Go through the lines below. Copy those with "without".

*** Opening of Records for this exercise ***

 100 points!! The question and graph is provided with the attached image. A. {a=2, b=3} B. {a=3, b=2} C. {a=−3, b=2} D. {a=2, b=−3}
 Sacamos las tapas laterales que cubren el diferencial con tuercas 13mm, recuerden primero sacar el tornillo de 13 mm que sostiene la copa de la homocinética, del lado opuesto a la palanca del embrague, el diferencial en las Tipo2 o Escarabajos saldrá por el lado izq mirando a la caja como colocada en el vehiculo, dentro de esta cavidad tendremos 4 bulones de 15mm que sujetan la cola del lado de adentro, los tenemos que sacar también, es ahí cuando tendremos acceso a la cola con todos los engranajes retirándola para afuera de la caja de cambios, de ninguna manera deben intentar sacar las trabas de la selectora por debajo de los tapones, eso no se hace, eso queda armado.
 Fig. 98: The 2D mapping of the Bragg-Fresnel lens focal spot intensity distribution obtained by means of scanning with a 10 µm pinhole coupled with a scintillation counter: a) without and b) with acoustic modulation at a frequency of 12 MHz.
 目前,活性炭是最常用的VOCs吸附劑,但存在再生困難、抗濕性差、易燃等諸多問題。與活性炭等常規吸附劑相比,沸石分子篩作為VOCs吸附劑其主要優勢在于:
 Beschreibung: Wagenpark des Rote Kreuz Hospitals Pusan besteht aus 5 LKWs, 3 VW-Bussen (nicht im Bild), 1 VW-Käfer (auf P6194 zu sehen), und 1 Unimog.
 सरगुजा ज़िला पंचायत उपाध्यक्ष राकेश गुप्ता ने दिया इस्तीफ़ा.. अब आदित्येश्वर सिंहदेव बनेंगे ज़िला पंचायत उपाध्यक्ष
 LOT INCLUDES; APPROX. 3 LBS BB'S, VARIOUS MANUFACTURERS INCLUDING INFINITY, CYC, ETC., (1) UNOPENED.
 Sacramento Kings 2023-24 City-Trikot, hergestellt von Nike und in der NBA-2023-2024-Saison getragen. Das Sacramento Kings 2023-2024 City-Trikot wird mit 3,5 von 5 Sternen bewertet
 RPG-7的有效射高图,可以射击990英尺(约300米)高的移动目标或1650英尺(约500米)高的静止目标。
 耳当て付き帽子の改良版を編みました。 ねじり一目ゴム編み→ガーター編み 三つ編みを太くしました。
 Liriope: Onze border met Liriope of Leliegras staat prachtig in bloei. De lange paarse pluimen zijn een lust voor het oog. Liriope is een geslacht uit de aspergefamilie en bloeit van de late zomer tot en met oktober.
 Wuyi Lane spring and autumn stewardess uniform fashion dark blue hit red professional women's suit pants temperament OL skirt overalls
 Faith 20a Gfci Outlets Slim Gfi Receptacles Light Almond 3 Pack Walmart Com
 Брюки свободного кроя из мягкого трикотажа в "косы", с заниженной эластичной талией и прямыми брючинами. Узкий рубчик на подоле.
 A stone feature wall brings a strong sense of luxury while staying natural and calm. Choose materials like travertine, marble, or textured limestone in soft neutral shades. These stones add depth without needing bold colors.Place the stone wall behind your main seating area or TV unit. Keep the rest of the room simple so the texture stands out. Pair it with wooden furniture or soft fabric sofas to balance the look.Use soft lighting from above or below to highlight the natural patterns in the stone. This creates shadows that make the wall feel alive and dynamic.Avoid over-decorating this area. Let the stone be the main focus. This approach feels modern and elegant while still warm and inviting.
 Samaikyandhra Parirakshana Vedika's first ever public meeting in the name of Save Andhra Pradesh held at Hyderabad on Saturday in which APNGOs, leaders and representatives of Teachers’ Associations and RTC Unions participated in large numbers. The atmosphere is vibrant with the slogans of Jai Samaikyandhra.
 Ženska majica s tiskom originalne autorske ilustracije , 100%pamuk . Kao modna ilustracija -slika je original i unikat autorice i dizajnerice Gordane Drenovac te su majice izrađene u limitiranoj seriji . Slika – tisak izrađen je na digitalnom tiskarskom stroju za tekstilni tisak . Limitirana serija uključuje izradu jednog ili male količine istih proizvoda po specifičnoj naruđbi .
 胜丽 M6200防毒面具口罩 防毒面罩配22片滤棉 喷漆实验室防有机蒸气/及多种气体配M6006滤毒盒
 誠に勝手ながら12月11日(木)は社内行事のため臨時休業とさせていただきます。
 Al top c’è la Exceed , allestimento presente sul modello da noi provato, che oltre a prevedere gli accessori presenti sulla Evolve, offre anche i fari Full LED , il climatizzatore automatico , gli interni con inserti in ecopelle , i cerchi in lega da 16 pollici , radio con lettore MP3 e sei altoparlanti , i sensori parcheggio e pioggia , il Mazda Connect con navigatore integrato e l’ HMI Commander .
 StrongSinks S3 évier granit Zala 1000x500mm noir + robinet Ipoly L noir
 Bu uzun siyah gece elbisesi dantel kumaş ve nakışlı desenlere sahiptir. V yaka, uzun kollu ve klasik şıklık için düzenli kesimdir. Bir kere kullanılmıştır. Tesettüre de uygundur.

*** Close of Records for this exercise ***

- Exercise response:
 Fig. 98: The 2D mapping of the Bragg-Fresnel lens focal spot intensity distribution obtained by means of scanning with a 10 µm pinhole coupled with a scintillation counter: a) without and b) with acoustic modulation at a frequency of 12 MHz.
 A stone feature wall brings a strong sense of luxury while staying natural and calm. Choose materials like travertine, marble, or textured limestone in soft neutral shades. These stones add depth without needing bold colors.Place the stone wall behind your main seating area or TV unit. Keep the rest of the room simple so the texture stands out. Pair it with wooden furniture or soft fabric sofas to balance the look.Use soft lighting from above or below to highlight the natural patterns in the stone. This creates shadows that make the wall feel alive and dynamic.Avoid over-decorating this area. Let the stone be the main focus. This approach feels modern and elegant while still warm and inviting.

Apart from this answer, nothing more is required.